# Custom metrics with `Keras`
In this notebook, we implement a `CustomPrecision`  metric by subclassing the base `Metric` class in `keras`.

`keras` has a `keras.metrics.Precision` class, which we will use to check our results.


In [1]:
import keras
from keras.metrics import Metric
import tensorflow as tf
import numpy as np

2025-05-12 09:50:17.177802: I tensorflow/core/util/port.cc:153] oneDNN custom operations are on.

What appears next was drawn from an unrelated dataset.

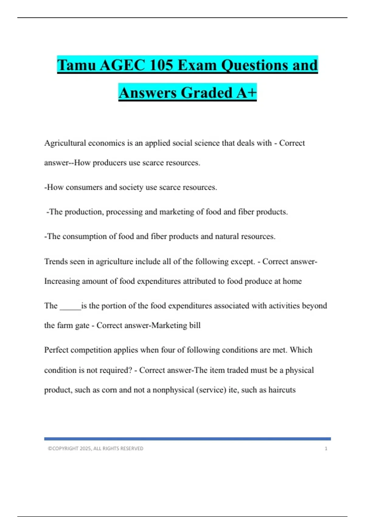 Tamu AGEC 105 Exam Questions and Answers Graded A+

You may see slightly different numerical results due to floating-point round-off errors from different computation orders. To turn them off, set the environment variable `TF_ENABLE_ONEDNN_OPTS=0`.
2025-05-12 09:50:17.185614: E external/local_xla/xla/stream_executor/cuda/cuda_fft.cc:467] Unable to register cuFFT factory: Attempting to register factory for plugin cuFFT when one has already been registered
E0000 00:00:1747057817.194325  168378 cuda_dnn.cc:8579] Unable to register cuDNN factory: Attempting to register factory for plugin cuDNN when one has already been registered
E0000 00:00:1747057817.196884  168378 cuda_blas.cc:1407] Unable to register cuBLAS factory: Attempting to register factory for plugin cuBLAS when one has already been registered
W0000 00:00:1747057817.203752  168378 computation_placer.cc:177] computation placer already registered. Please check linkage and avoid linking 

## Define custom metric classes

In [2]:
# Test some code
m = Metric()

l = m.add_weight(initializer="zeros")
l.assign_add(1)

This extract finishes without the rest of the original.